18 dicembre 2025

Trova l'obiettivo

Da un lato l'arretramento rispetto allo stop del 2035 alle auto a combustione, dall'altro la nascita della categoria Bev M1E. Idee sempre meno chiare alla UE.

L'Unione Europea ha dovuto prendere atto della catastrofe produttiva e occupazionale conseguente alla decisione talebana di impedire la vendita delle auto tradizionali dal 2035 e fare una prima concessione, con quel 10% ammesso. Non basta, lo sappiamo tutti, ma è un fatto che l'arroganza di quel potere centrale sempre meno autorevole sia stata placcata.
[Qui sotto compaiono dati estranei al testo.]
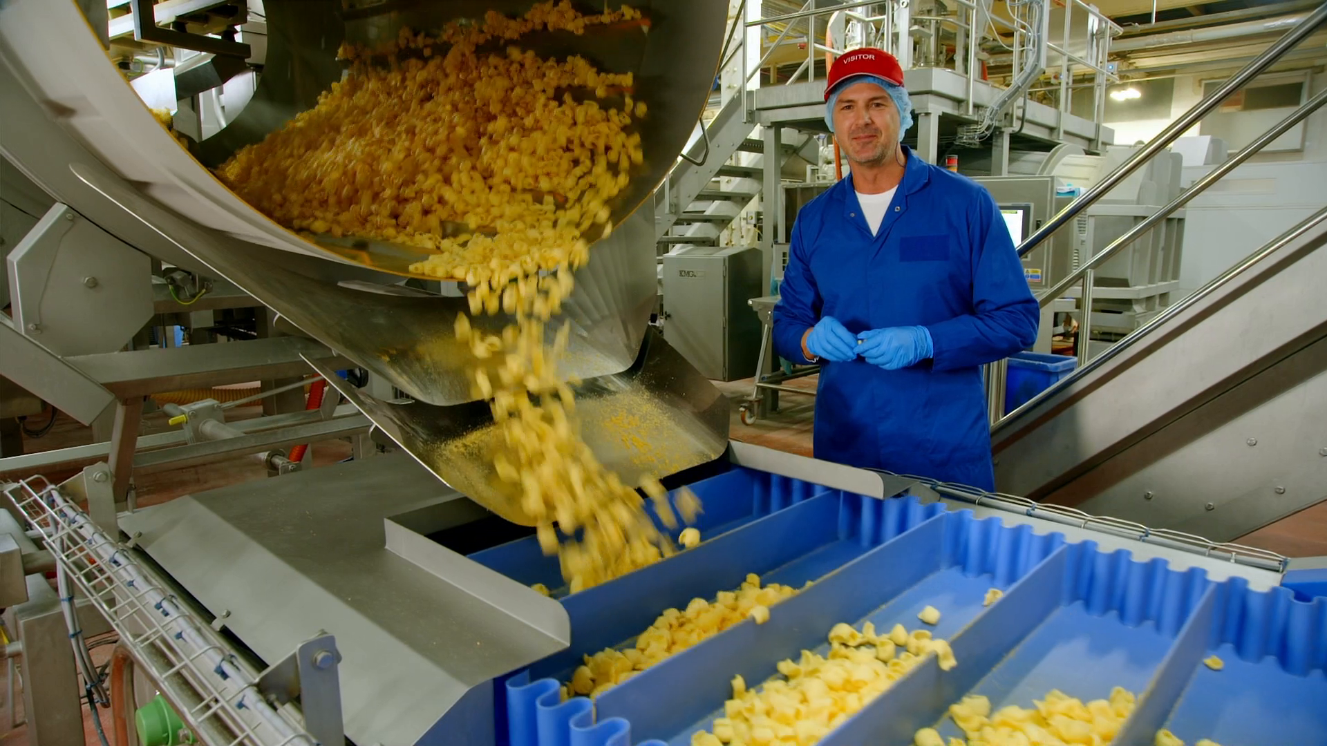 Over in the frying area, Paddy learns how 1.2 tonnes of pellets travel through a specialist fryer every hour. Inside the fryer, the pellets are plunged into sunflower oil heated to 200 degrees Celsius. The heat of the oil causes any remaining water inside to turn to steam, puffing them and leaving tiny air holes. At the same time, the tension created when the dough was stretched now contracts and curls up. After twenty seconds in the oil, 1.8 million perfectly-formed curls cascade out of the fryer every hour. Finally, Paddy is able to see the curly snack he knows. There is one vital thing missing from the snacks though – cheese flavouring. To put that right, each one of the freshly cooked curls travels through a huge metal drum where a precise amount of cheese powder flavouring is applied.

Ma, sul filo delle dichiarazioni d'intenti di settembre della presidente, è stato approvato il pacchetto normativo che introduce la sottoclasse M1E per piccole auto elettriche, regolamento ispirato alle kei car giapponesi ma con una lunghezza massima di 4,2 m. 
L’obiettivo è favorire la produzione continentale di vetture urbane (elettriche) compatte e i requisiti tecnici saranno definiti aggiornando il regolamento UE 2018/858, che la Commissione intende, bontà sua, congelare per dieci anni. 
Questo passaggio è particolarmente interessante perché rivela finalmente la mentalità contorta dei vertici UE, che anche con auto a zero emissioni prevedono una normazione periodica sempre più restrittiva che se non può essere delle emissioni, visto che le Bev non ne producono, è orientata a ostacolare il movimento dei singoli.

 
Il meccanismo più rilevante è quello dei super-crediti, che prevede che ogni M1E costruita e venduta nell’UE valga 1,3 crediti ai fini del calcolo delle emissioni medie di CO2 dei costruttori, invece del singolo credito standard. Ciò crea un incentivo diretto a localizzare produzione e volumi e a progettare modelli ad hoc. La soglia di 4,2 m rende eleggibili modelli come Renault 4, e 5 e la futura VW ID. Polo e secondo la Commissione ci sarà un effetto indiretto sull’accessibilità, dato che favorendo economie di scala e investimenti in linee produttive dedicate, potrebbero scendere i prezzi di listino. 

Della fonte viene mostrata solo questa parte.